==== Data shown ====

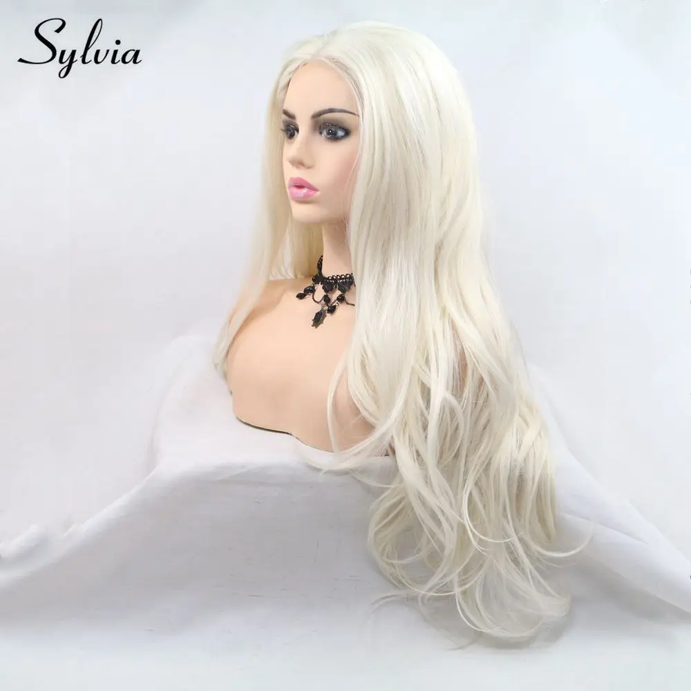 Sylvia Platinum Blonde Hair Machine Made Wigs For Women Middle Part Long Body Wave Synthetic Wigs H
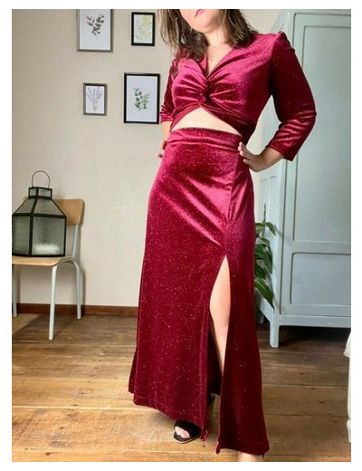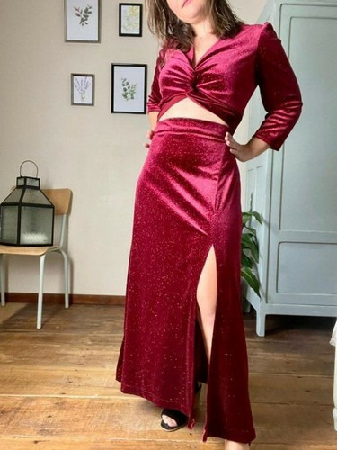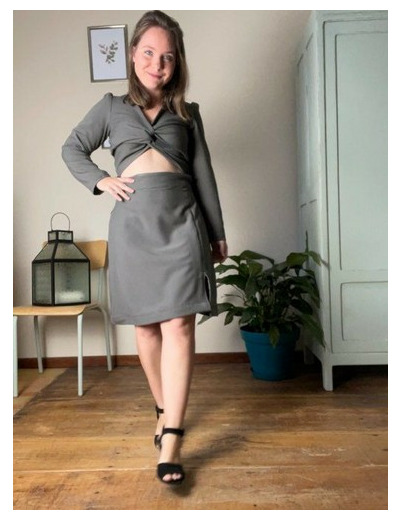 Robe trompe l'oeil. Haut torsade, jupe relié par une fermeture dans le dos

====
==== Data shown ====

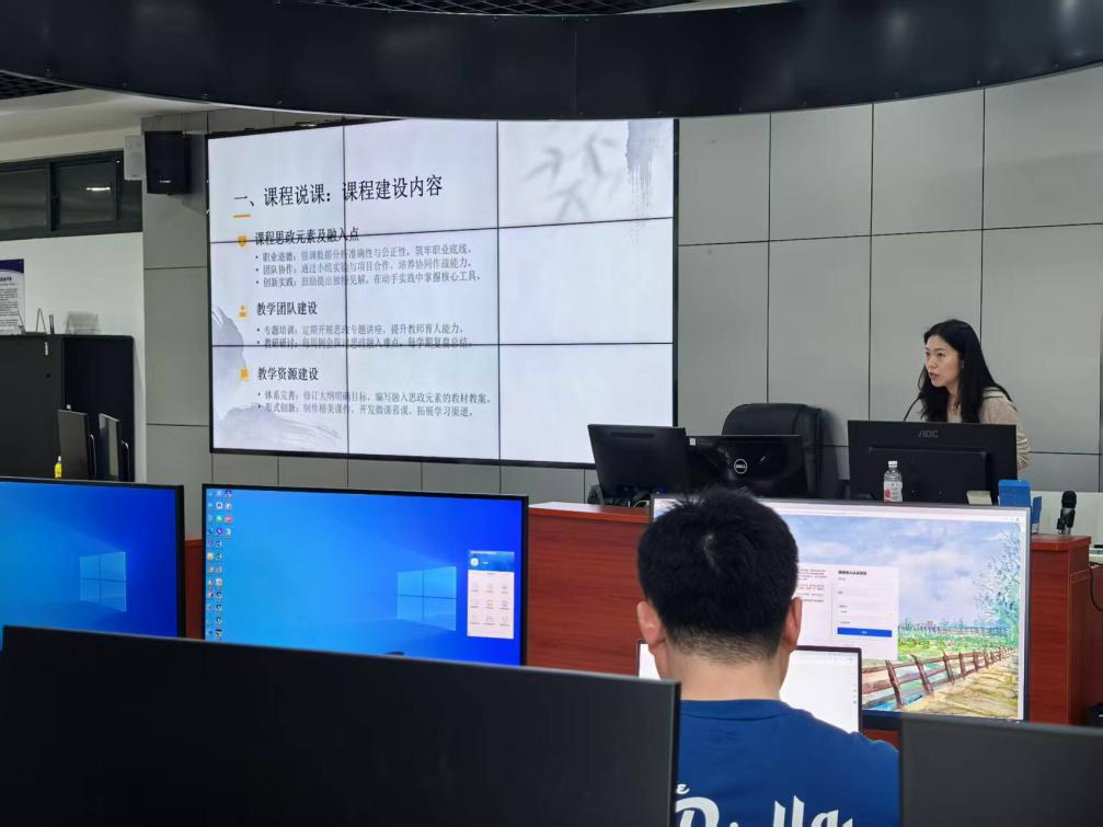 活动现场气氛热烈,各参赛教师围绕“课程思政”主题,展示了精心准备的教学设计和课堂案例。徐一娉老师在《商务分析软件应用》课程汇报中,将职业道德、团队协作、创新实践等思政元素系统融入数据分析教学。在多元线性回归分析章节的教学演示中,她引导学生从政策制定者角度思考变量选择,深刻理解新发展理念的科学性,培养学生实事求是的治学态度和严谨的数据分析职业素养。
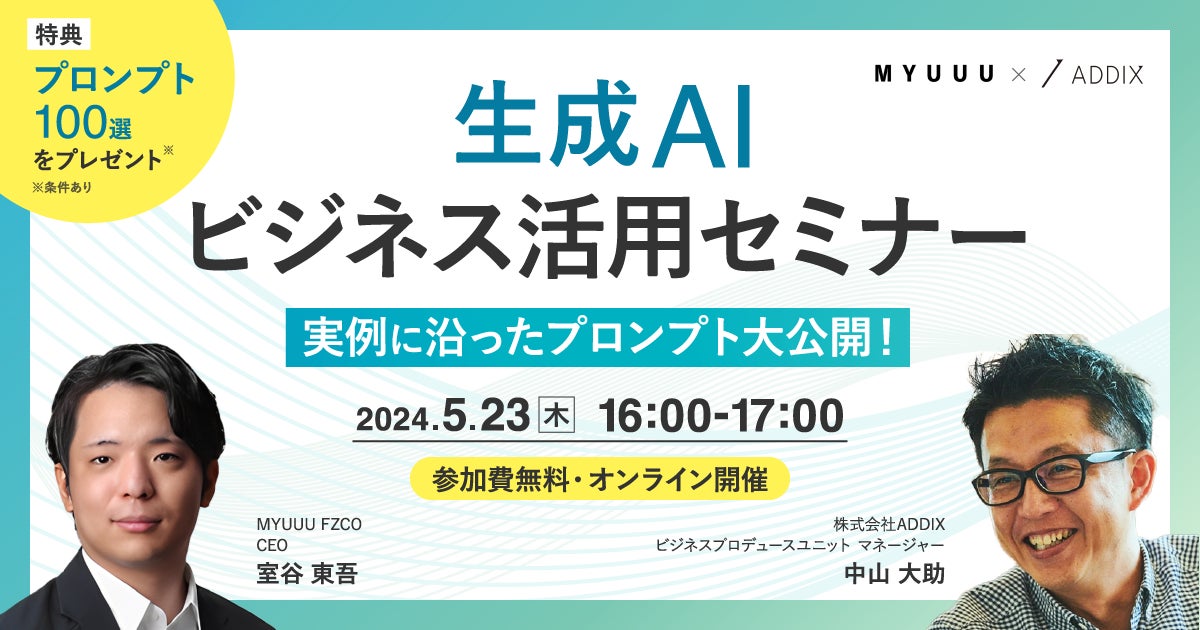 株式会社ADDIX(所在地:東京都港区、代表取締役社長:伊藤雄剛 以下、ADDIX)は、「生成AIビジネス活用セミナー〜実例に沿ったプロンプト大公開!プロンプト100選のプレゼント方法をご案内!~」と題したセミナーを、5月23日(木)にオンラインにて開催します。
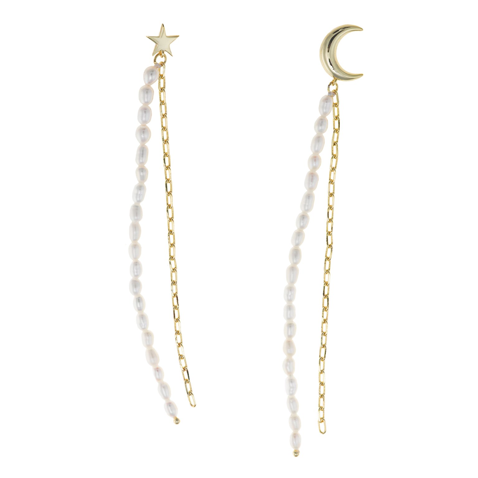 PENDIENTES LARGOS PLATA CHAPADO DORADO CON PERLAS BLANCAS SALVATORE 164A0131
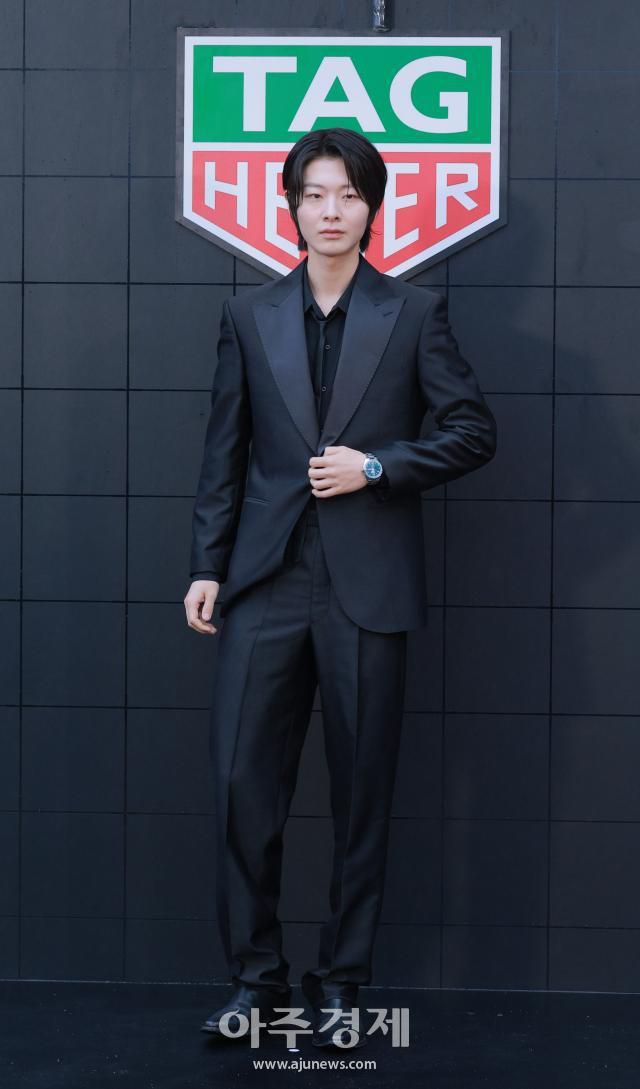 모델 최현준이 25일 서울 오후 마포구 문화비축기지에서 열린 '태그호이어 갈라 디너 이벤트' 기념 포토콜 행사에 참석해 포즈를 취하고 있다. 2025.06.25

====

What this task involves -> Find the line with "PENDIENTES LARGOS PLATA" in the data above, and from there retype each line exactly through the line with "모델 최현준이 25일", skipping the pictures along the way.

Solution for this problem ->
 PENDIENTES LARGOS PLATA CHAPADO DORADO CON PERLAS BLANCAS SALVATORE 164A0131
 모델 최현준이 25일 서울 오후 마포구 문화비축기지에서 열린 '태그호이어 갈라 디너 이벤트' 기념 포토콜 행사에 참석해 포즈를 취하고 있다. 2025.06.25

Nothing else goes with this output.